----- Source material

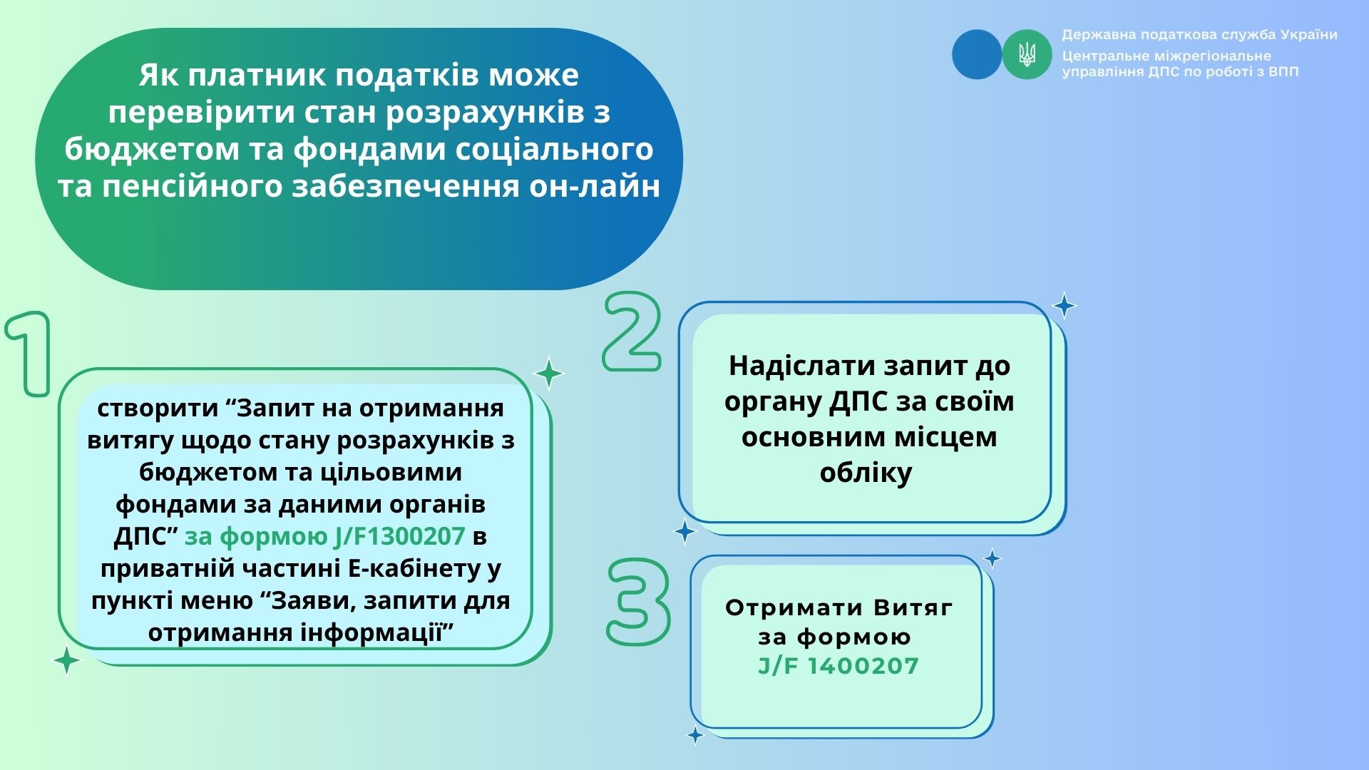 Для отримання витягу щодо стану розрахунків з бюджетом та цільовими фондами платник податків надсилає до органу ДПС за основним (неосновним) місцем обліку запит за формою «F/J1300207» через меню «Заяви, запити для отримання інформації» приватної частини Електронного кабінету.
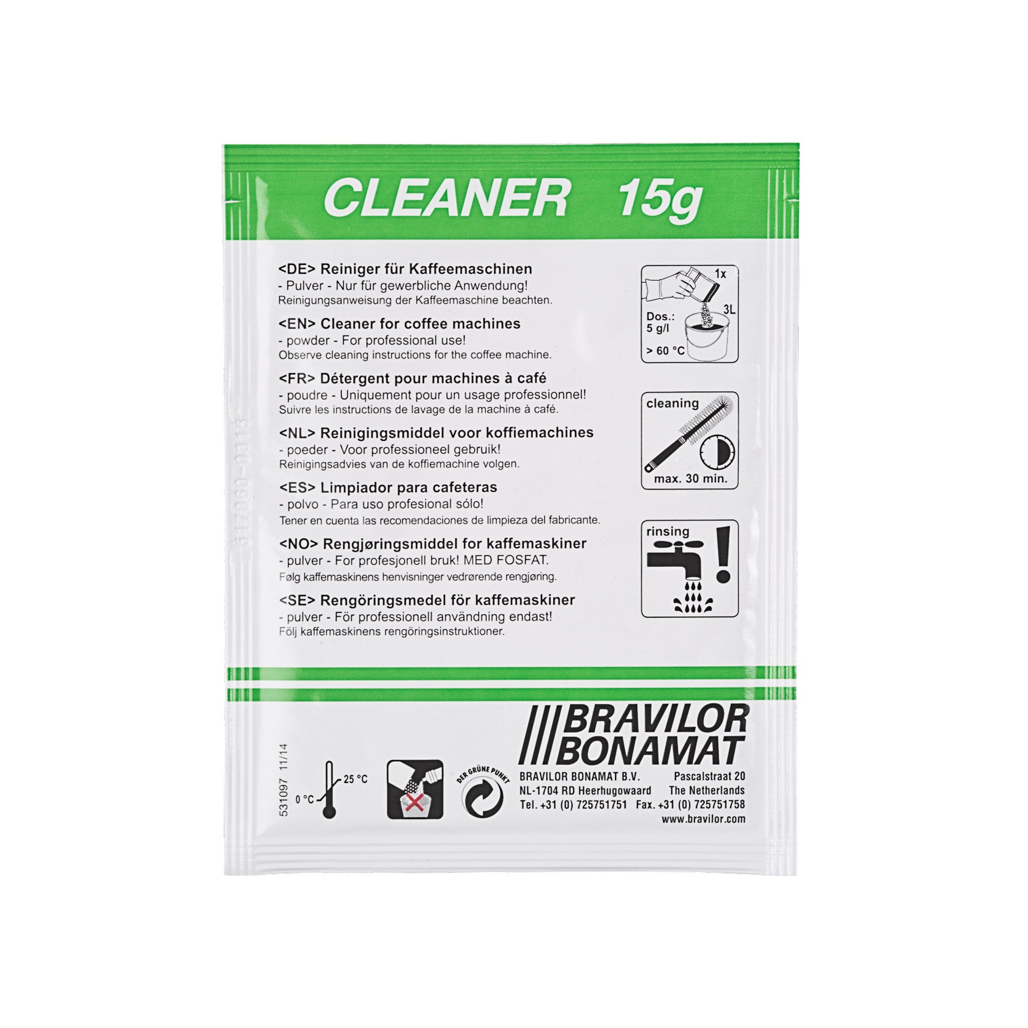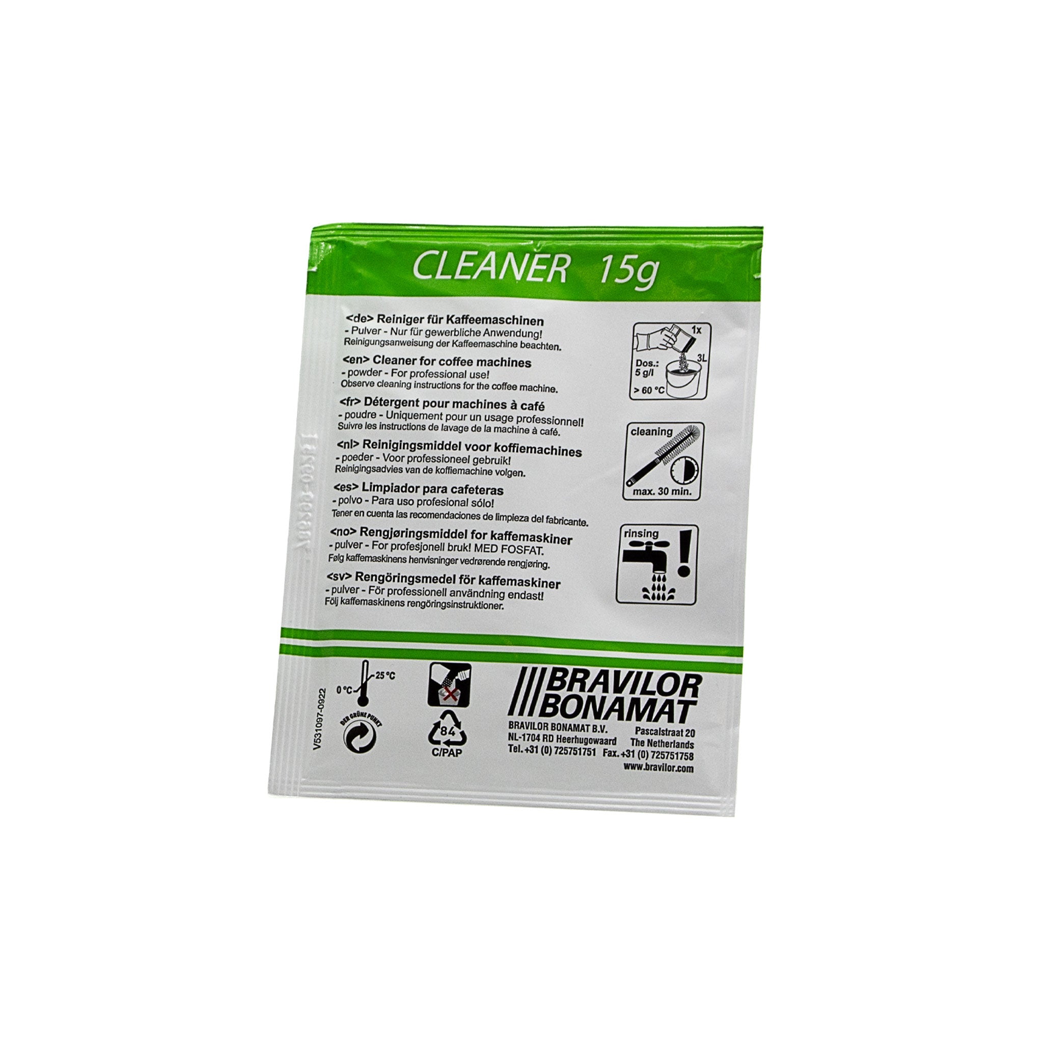 Cleaner är ett effektivt och professionellt rengöringsmedel från Bravilor Bonamat, utvecklat för att avlägsna kaffe- och tebeläggningar i kaffemaskiner och bryggare samt termosar. Regelbunden rengöring säkerställer optimal smak, bättre hygien och längre livslängd på din utrustning.
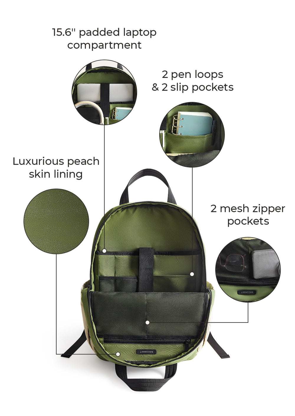 Laptopfach: In das Hauptfach passt ein 15,6-Zoll-Laptop, und in ein kleineres Fach passen Gegenstände wie iPad, Kindle oder Nintendo Switch.
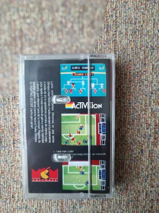 Juego de fútbol para ZX Spectrum. - Portada con diseño de banderas y campo de fútbol. - Incluye el título del juego Fighting Soccer.
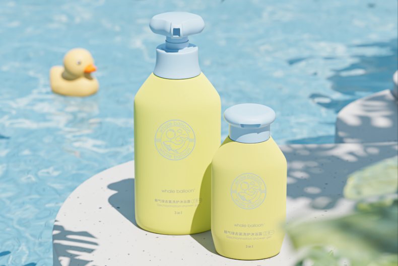 据有关数据显示,在中国95%以上的泳池均采用了含氯消毒剂对泳池水质进行消毒及卫生维护。符合国家卫生标准的泳池水质,正常是不会对身体造成直接损害的。但遗留在身上的残氯,如果不及时清洗干净还是会产生难闻的气味,有时还会引发皮肤干痒,甚至敏感;而水中的氯离子通常也会造成头发干枯褪色打结的情况。通过对283名长期参与游泳运动的青少年(7-14岁)运动员及家长、48名游泳俱乐部教练,围绕着泳池水况、皮肤头发状态、泳后清洁养护等问题,展开了一系列深度访谈及调研后,鲸气球「whale balloon」针对去氯、滋润、柔顺、味道、温和、安全性等多个开发纬度进行严格要求,并联合多位专业运动员、教练员亲自参与研发与测试,最终历经两年时间,推出首款产品「去氯大黄瓶」。
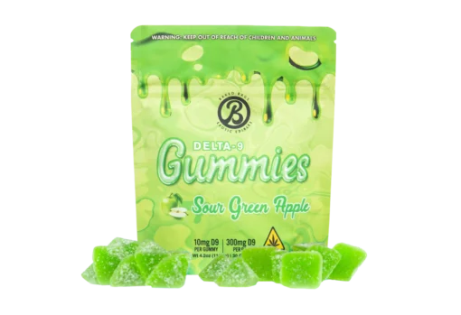 GUMMIES SOUR GREEN APPLE Unsere Delta-9 THC Gummies bieten dir ein süßes und zugleich entspanntes Erlebnis. In jedem Beutel findest du 30 Fruchtgummis, einzeln dosiert mit 10 mg Delta-9 THC – insgesamt 300 mg pro Packung. Ideal für kontrollierten und angenehmen Konsum.
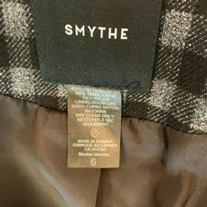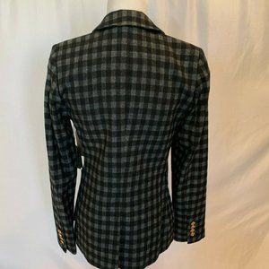New Authentic Smythe Portrait Neck Blazer in size 6. This may fit a size 4 if you don't like it too tight. Please see measurements. Color is Grey/Black Check. MSRP $795.
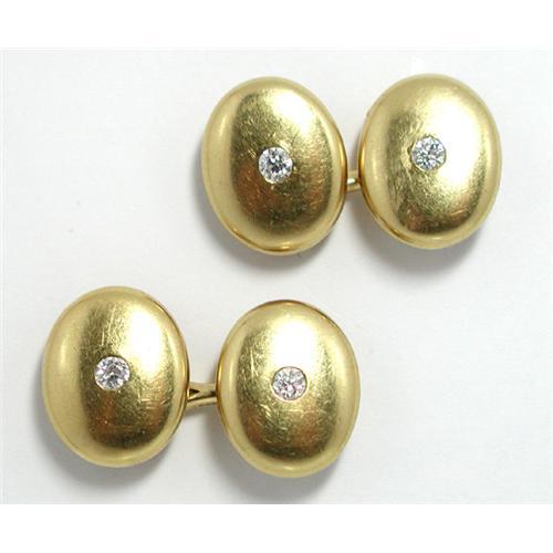 Heavy double sided cufflinks with a round diamond set in each, with a 22 Kt gold finish. Marked Tiffany & Co. No gold mark, but tested to be 18Kt. gold. 1/2" x 5/8"

----------

--- What needs to be done ---
Copy exactly the lines from the one containing "GUMMIES SOUR GREEN" through the final line of the records above, both included, and leave out any pictures.

--- Expected output ---
 GUMMIES SOUR GREEN APPLE Unsere Delta-9 THC Gummies bieten dir ein süßes und zugleich entspanntes Erlebnis. In jedem Beutel findest du 30 Fruchtgummis, einzeln dosiert mit 10 mg Delta-9 THC – insgesamt 300 mg pro Packung. Ideal für kontrollierten und angenehmen Konsum.
New Authentic Smythe Portrait Neck Blazer in size 6. This may fit a size 4 if you don't like it too tight. Please see measurements. Color is Grey/Black Check. MSRP $795.
 Heavy double sided cufflinks with a round diamond set in each, with a 22 Kt gold finish. Marked Tiffany & Co. No gold mark, but tested to be 18Kt. gold. 1/2" x 5/8"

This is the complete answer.